Let those who've never driven for 10 minutes without realizing that the back door of the car is open and the kid's car seat is missing cast the first stone, I say.
Everyone has some parenthood story that makes them wince, right? Once I left the front door to the house open, and Daughter went out, got on a plane and left for Brazil, and we haven't seen her since.
Granted, she was 18, and we drove her to the airport, but there are days I still kick myself about it.
Anyhow, here are some random thoughts about the toddler who fell out of a car in Mankato.
No. 1: The obligatory sneer of the Scoffing Boomer, that lovable old coot who had it rougher than these lame kids today.
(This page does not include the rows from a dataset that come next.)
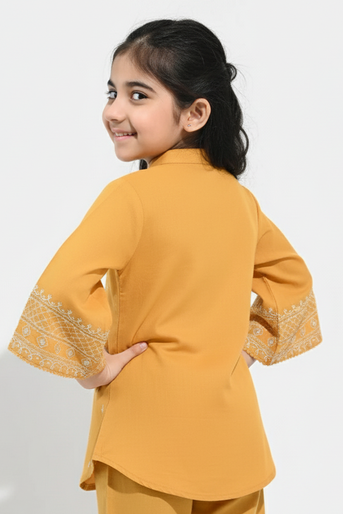 This mustard top features dainty embroidery at the front and sleeves borders and rounded hem silhouette for a chic look.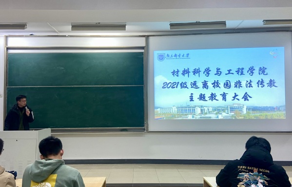2021年12月9日,91网站 2021级本科生在教3-300召开了以远离校园非法传教为主题的教育大会,此次大会由2021级辅导员王森主持。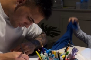 體育資訊2月20日訊 不久前,勞塔羅的妻子在社交媒體上曬出了勞塔羅與孩子畫畫的視頻。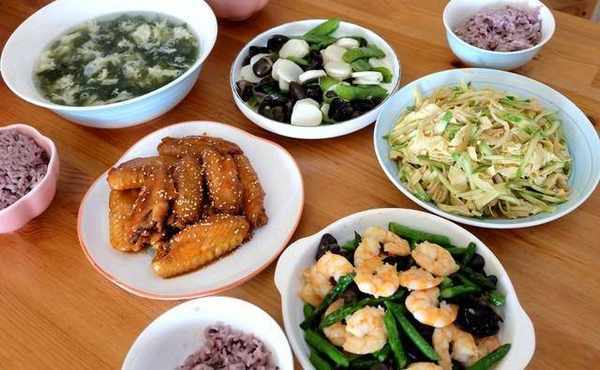今天中午我做瞭四道菜,分別是孩子們愛吃的紅燒雞翅,營養健康的蘆筍木耳炒蝦仁,簡單快手的黑木耳山藥炒荷蘭豆,清爽開胃的黃瓜豆皮拌杏鮑菇,湯是很簡單的紫菜蛋花湯,米飯是大米混合瞭一小把黑米做成的二米飯。每一道都是傢人愛吃的,連孩子都說,最喜歡我們一傢人在一起吃飯的樣子,特別開心。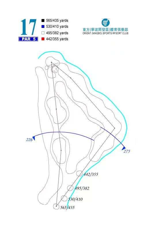 东方宁波球场占地1500亩,规划18洞国际竞赛级球场,地处通途路16公里处,宁波市中心於北仑港之间。球场设计极为精细,球道的坡度大多在15 度左右,最大的坡度可达25度-30度,沙坑错落有至分布於球场之中人工河流穿梭於球道之间,使球场另有一种大自然的情趣东方宁波属山坡球场,但具有海滨球场的风格,大部分球道都可远观北仑港与宁波市城市景观,使您在东方充分享受大自然及挥杆的乐趣。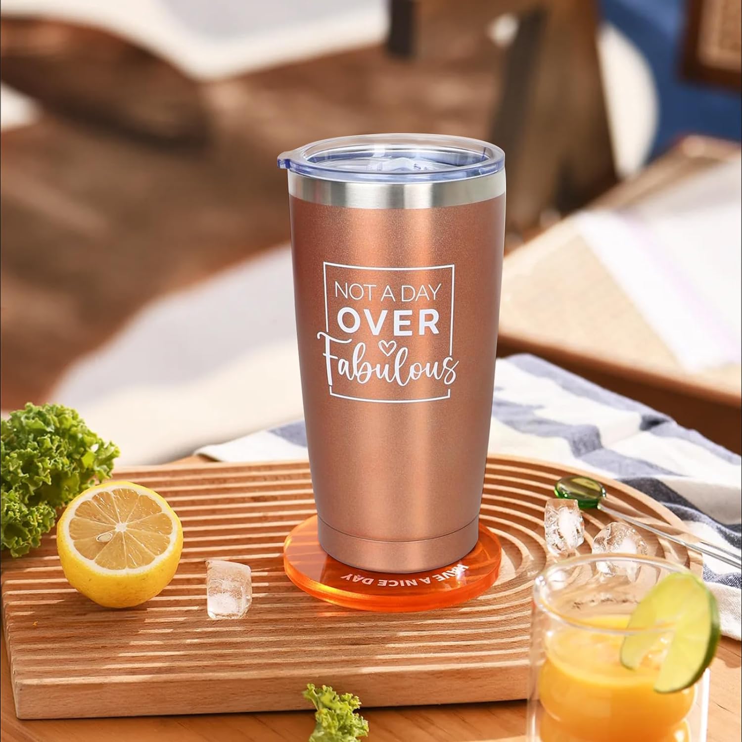 - A Gift Set for Women of Any Age: Gift box includes 1×20 oz wine tumbler with the motto "Not A Day Over Fabulous",1×Soy Candle,1×Diamond Hand Soap,1×bath bomb,1× delicate and stylish bracelet,1×eye mask,a pair of socks,and a greeting card with your special message. This gift box has full coverage of the accessories you need to bathe, sleep, dress up and relax yourself, making it a very practical gift set box!

"Why, when I was a kid, there was none of this roping down Junior like, what was that guy in the 'Silent Lamb' movie, Cannibal Licker? Hannibal Lecturer? You know the guy. That's what they do to kids these days.
"Anyway, we sat in the front seat, no belts, and Dad drove with one hand on the wheel because the other had to be free for smoking, and I'd be looking right at the dashboard, which was a sharp piece of creased sheet metal covered with nothin' but paint. If he braked sharply: Wham! Right into the ol' dashboard. Eventually (fingers a thick line of scar tissue by the hairline) you learned to keep your hands out at all times. Sure, I got my bell rung from time to time, but it hidn't durt me or do no dasting lamage."
Thank you, Scoffing Boomer. I remember those days, as well. Even after seat belts were mandated, my primary safety device was my mother's forearm. If she had to stop quickly, her arm would shoot out at sternum level to keep me from genuflecting to the dashboard.